New Corporate Governance Documents definition

New Corporate Governance Documents means the certificate of incorporation, certificate of formation, bylaws, limited liability company agreements, shareholder agreement (if any), operating agreement or other similar organizational or formation documents, as applicable, of the Reorganized Debtors, each of which shall be acceptable to the Debtors, the Requisite Consenting Creditors, and the Equity Committee (subject to the parties’ rights and obligations under the RSA).
New Corporate Governance Documents means such certificates or articles of incorporation, bylaws, or such other applicable formation documents of some or all of the Reorganized Debtors, which form shall be consistent with the terms of the Plan and shall be included in the Plan Supplement.
New Corporate Governance Documents means, as applicable, (a) the New Certificates of Incorporation, (b) the New By-Laws, and (c) the New Stockholders Agreement.

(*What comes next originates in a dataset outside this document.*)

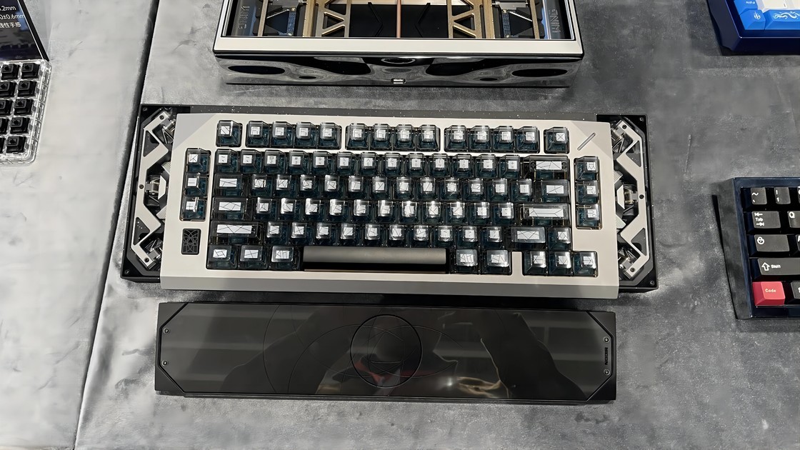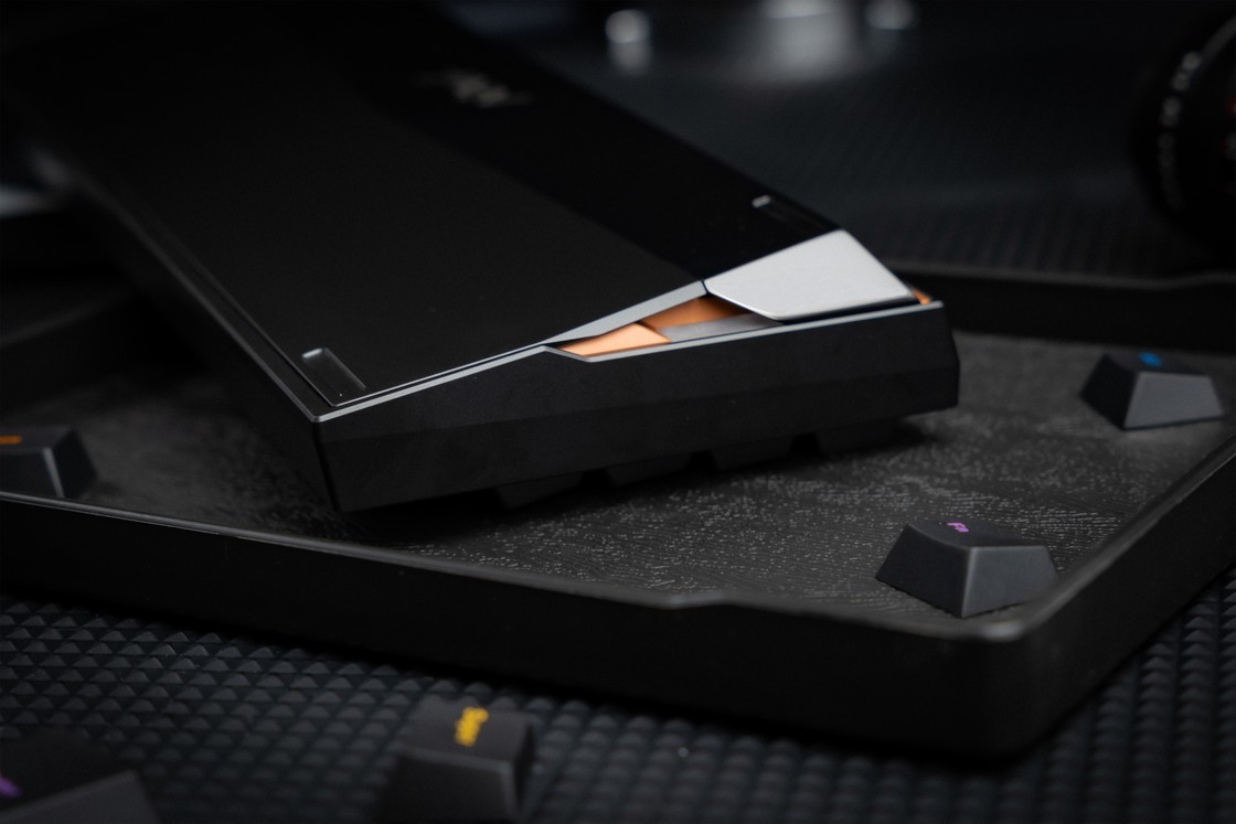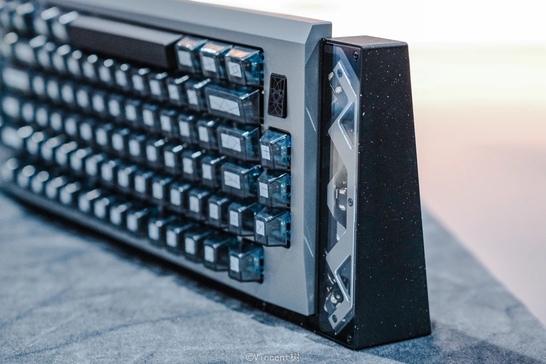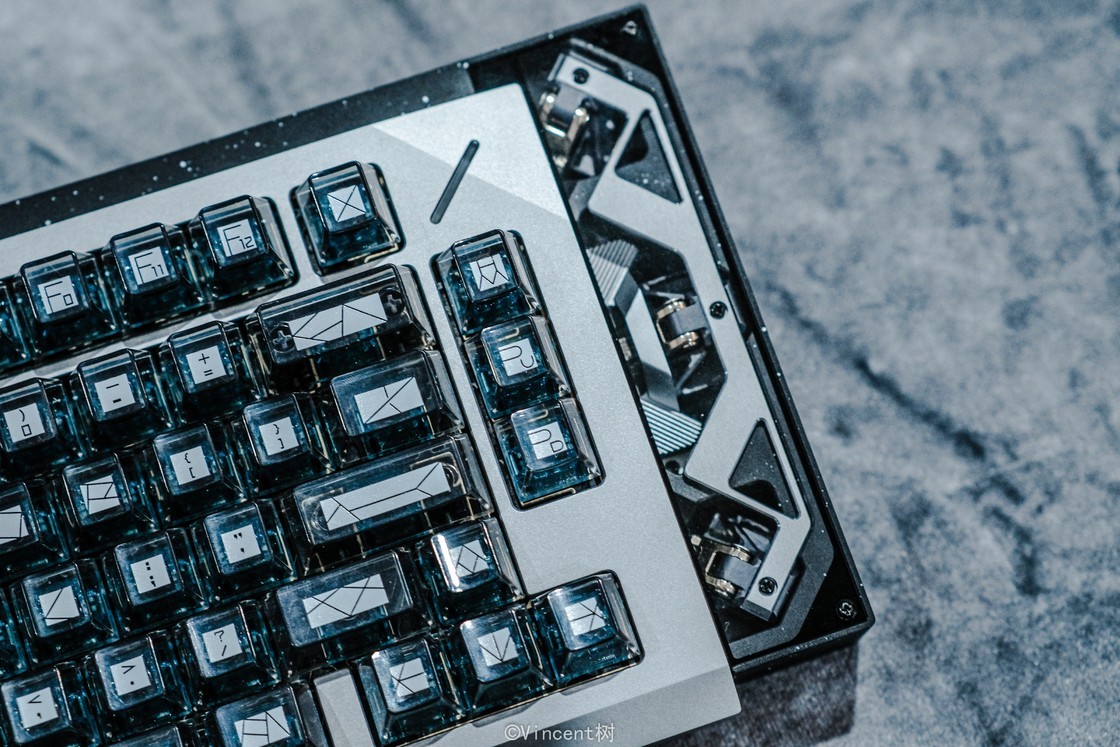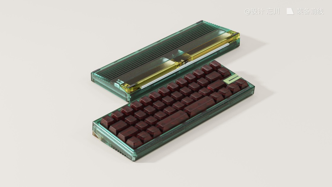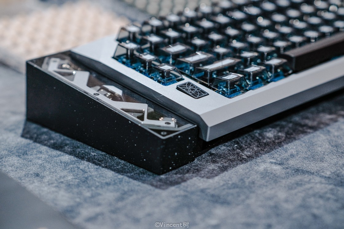 做键盘的一般分两种,一种是注重于键盘本身,另一种则是将键盘作为次要元素,融入自己的设计中。NOORI属于后者,他们相当清楚自己的优势,而这次通过可视化的结构设计和超白钢化玻璃,可以在两侧清晰的看到结构件的运动状态。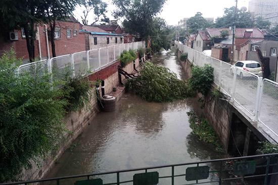 “早上我巡查时发现这里的树倒进了九子河,我赶紧通知了街道绿化办,请求解决。”7月16日早上6时,北京市丰台区长辛店街道东南街社区党委书记刘杰在巡查时发现九子河河堤的一棵榆树因大雨导致树干折断,整棵树倾倒至河道内,堵塞了排水系统。

Examples of New Corporate Governance Documents in a sentence

  • Each such director and officer shall serve from and after the Effective Date pursuant to the terms of the applicable New Corporate Governance Documents, OpCo Organizational Documents, New Property Entity Organizational Documents, and other constituent documents of the Reorganized Debtors and the New Property Entities.

  • After the Effective Date, the Reorganized Debtors and the New Property Entities may amend and restate their respective New Corporate Governance Documents, OpCo Organizational Documents, or New Property Entity Organizational Documents, as applicable, as permitted by such documents and the laws of their respective states, provinces, or countries of incorporation or organization.

  • Pursuant to section 1123(a)(6) of the Bankruptcy Code, the New Corporate Governance Documents will prohibit the issuance of non-voting equity securities.

  • The New Corporate Governance Documents, the OpCo Organizational Documents, and the New Property Entity Organizational Documents will prohibit the issuance of non-voting equity securities to the extent required by section 1123(a)(6) of the Bankruptcy Code.

  • The New Corporate Governance Documents shall be substantially in the form contained in the Plan Supplement.


More Definitions of New Corporate Governance Documents

New Corporate Governance Documents means the form of certificate or articles of incorporation, bylaws, limited liability company agreement, partnership agreement, or such other applicable formation documents (if any) of Reorganized Ascena, including any certificates of designation, each of which shall be included in the Plan Supplement.
New Corporate Governance Documents means the organizational and governance documents for the Reorganized Debtors and any subsidiaries thereof, including, as applicable, the certificates or articles of incorporation, certificates of formation or certificates of limited partnership, bylaws, limited liability company agreements, or limited partnership agreements, stockholder or shareholder agreements, or other similar organizational documents, as applicable, which shall be in form and substance acceptable to the Required Backstop Parties, the Required Consenting Senior Noteholders, and the Majority Lenders or the Majority Exit RBL Facility Lenders, as applicable, in accordance with Article I.A.64 herein.
New Corporate Governance Documents means (i) the Amended By-Laws,(ii) the Amended Certificate of Incorporation, and (iii) any other applicable material governance and/or organizational documents of the Reorganized Debtors.
New Corporate Governance Documents means the certificate of incorporation, certificate of formation, bylaws, limited liability company agreements, shareholder agreement (if any), operating agreement or other similar organizational or formation documents, as applicable, of the Reorganized Debtors.
New Corporate Governance Documents means, to the extent appropriate or required, an amended and restated certificate of incorporation and bylaws of each of the Reorganized Debtors or, if such entity is not a corporation, analogous organizational documents, which shall be included in the Plan Supplement, and shall be in form and substance acceptable to the Required Consenting Lenders and reasonably acceptable to the Debtors.
New Corporate Governance Documents means, as applicable, (a) the New Certificates of Incorporation, (b) the New Bylaws, and (c) the New Shareholders Agreement, in each case to be filed as part of the Plan Supplement and subject to the Plan Sponsor Agreement.